2. Restoring from Previous versions of Documents:

Document version recovery is a complex process and critical to users. Be sure to adopt a layered approach to ensure document version restores are simplified.

> Turn on versioning within document libraries.

> Enforce a document check-in/check-out to ensure only one user is working on a document at any given time.

Restoring documents that don’t exist in the form that matches user expectations is another common problem.

This often occurs when versioning for the list or library isn’t enabled – eachtime a user saves a document back to SharePoint, that document overwrites its previous version. However, versioning isn’t a fix-all solution. If you’re storage-conscious and limit the number of document versions that can be retained – then a complete document history may not be available. In fact, once the number of check-ins permissible by the version retention policy is reached for a given document, SharePoint deletes older versions of that document to accommodate newer versions.

Documents deleted as a result of retention limits do not go to the SharePoint Recycle Bin – they are permanently gone.

3. Corruption in a Content Database:

Content database corruption is problematic because it affects all users working with the site collections in that database.
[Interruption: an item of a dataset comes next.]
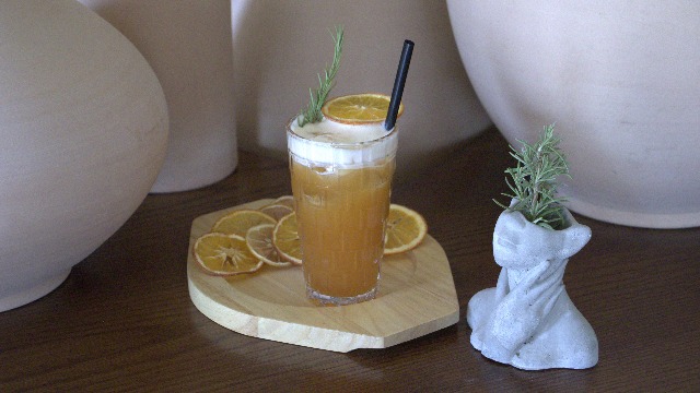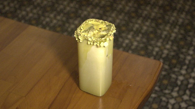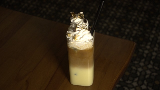 Fresh Saffron, Cardamom, single shot espresso, Milk.

A SharePoint content database can house hundreds or even thousands of site collections. Having a content database fall out of circulation has the potential to affect most, if not all, users in a SharePoint environment.

Once a SharePoint environment is in-use, most administrators just create site collections as they are needed without giving much thought as to where those site collections go. Additional databases only get created as they are needed – typically when the “current” content database is reaching Microsoft’s maximum size (which varies from 200 GB to quite a bit larger depending on the performance of the underlying SQL Server).
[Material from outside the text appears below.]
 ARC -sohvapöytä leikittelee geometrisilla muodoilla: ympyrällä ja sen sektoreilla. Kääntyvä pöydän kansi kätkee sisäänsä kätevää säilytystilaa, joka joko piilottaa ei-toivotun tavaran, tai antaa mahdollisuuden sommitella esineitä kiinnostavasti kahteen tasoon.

Out-of-the-box high availability (HA) mechanisms generally do little to help with corrupted content databases. Some HA mechanisms, such as SQL Server’s mirroring and AlwaysOn Availability Groups, have the ability to repair inconsistencies that occur during mirroring or replication. If the source of content database corruption is external to the mirroring or replication mechanism, though, then HA simply guarantees “highly available corruption” – not a way to repair SharePoint content.
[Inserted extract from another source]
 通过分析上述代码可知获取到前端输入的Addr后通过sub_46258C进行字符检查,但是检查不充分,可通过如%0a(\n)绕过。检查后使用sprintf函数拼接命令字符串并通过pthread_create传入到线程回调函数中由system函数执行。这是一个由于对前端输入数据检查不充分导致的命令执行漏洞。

Corrupted Content Databases are a tricky problem with very few practical fixes.

> Perform regular content database backups.

> As with all backup regimens, test frequently to ensure that you can restore as desired!

4. Deleted Site Collection:

It’s quite common for users to unintentionally delete SharePoint site collections or sub-sites.

Microsoft recognized the prevalence of this problem during the SharePoint 2010 timeframe and introduced the Site Recycle Bin as part of Service Pack 1. The Site Recycle Bin extended standard Recycle Bin support to include site collections and sub-sites that were deleted. Now, although end users can restore deleted sub-sites by themselves from within the SharePoint web user interface, you’ll still need to perform an administrative action to restore an entire site collection using the Site Recycle Bin.

This is due to the fact that site collections can’t be restored from within the web user interface or even Central Administration. Instead, restoring a site collection for the Site Recycle Bin has to be done with PowerShell (specifically, the Get- SPDeletedSite and Restore-SPDeletedSite cmdlets) on your SharePoint member server.

To prevent and mitigate the problem of deleted site collections:

> Ensure that SharePoint’s Recycle Bins are configured and enabled to catch deleted site collections.

> Implement a solid backup and restore strategy for site collections and/or their associated databases.

5. Deleted Permissions settings:

The deletion of unique permissions applied to SharePoint lists or libraries by absent-minded users is a tricky one to reverse, since SharePoint’s built-in data protection toolset offers no options for restoring permissions.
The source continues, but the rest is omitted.